Colm O'Gorman of Amnesty Ireland observed: “The Chinese government uses partial disclosures and unverifiable assertions to claim progress in reducing the number of executions yet at the same time maintains near absolute secrecy. This is deliberately misleading.

"China is a complete outlier in the world community when it comes to the death penalty, out of step with international legal standards and in contravention with repeated UN requests to report how many people it executes."

Image: Amnesty International

The Amnesty report found that 1,032 people were executed outside China last year, and that four countries - Iran, Saudi Arabia, Iraq and Pakistan - were responsible for 87% of those executions.

The report highlights recently published data from Vietnam that revealed that 429 people were executed between August 2013 and June 2016 - a figure that puts the country behind only China and Iran in the number of executions.

There was an overall decrease in executions worldwide last year, due to fewer recorded cases of capital punishment in Iran (at least 567 executions, down 42% on 2015 figures) and Pakistan (at least 87 executions, down 73%).

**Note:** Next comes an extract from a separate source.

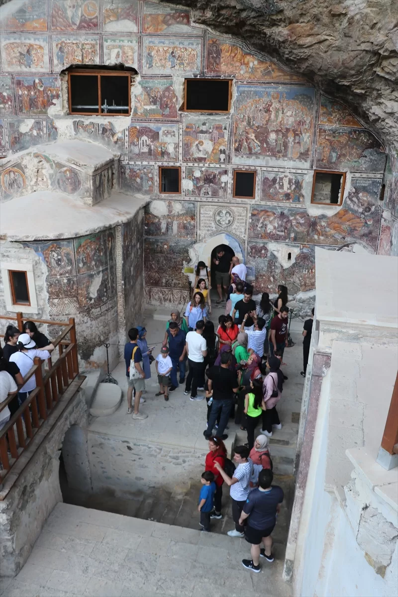 Doğa, tarih ve kültürü bir arada sunan Sümela Manastırı, her dönem olduğu gibi bayram tatilinde de yerli ve yabancı turistlerin ilgi odağındaydı.

Two countries - Benin and Nauru - abolished the death penalty last year.

In the US, meanwhile, there were 20 executions - the lowest level since 1991. However, with Arkansas planning to carry out eight executions in just 10 days this month, the charity warns the figure could rise this year.

Mr O'Gorman said: "[US] politicians should steer clear of the ugly ‘tough on crime’ rhetoric that helped drive a spike in executions in the 1980s and 1990s.

"The death penalty is not going to make anyone any safer. The five isolated states that carried out executions last year are behind the times," he added.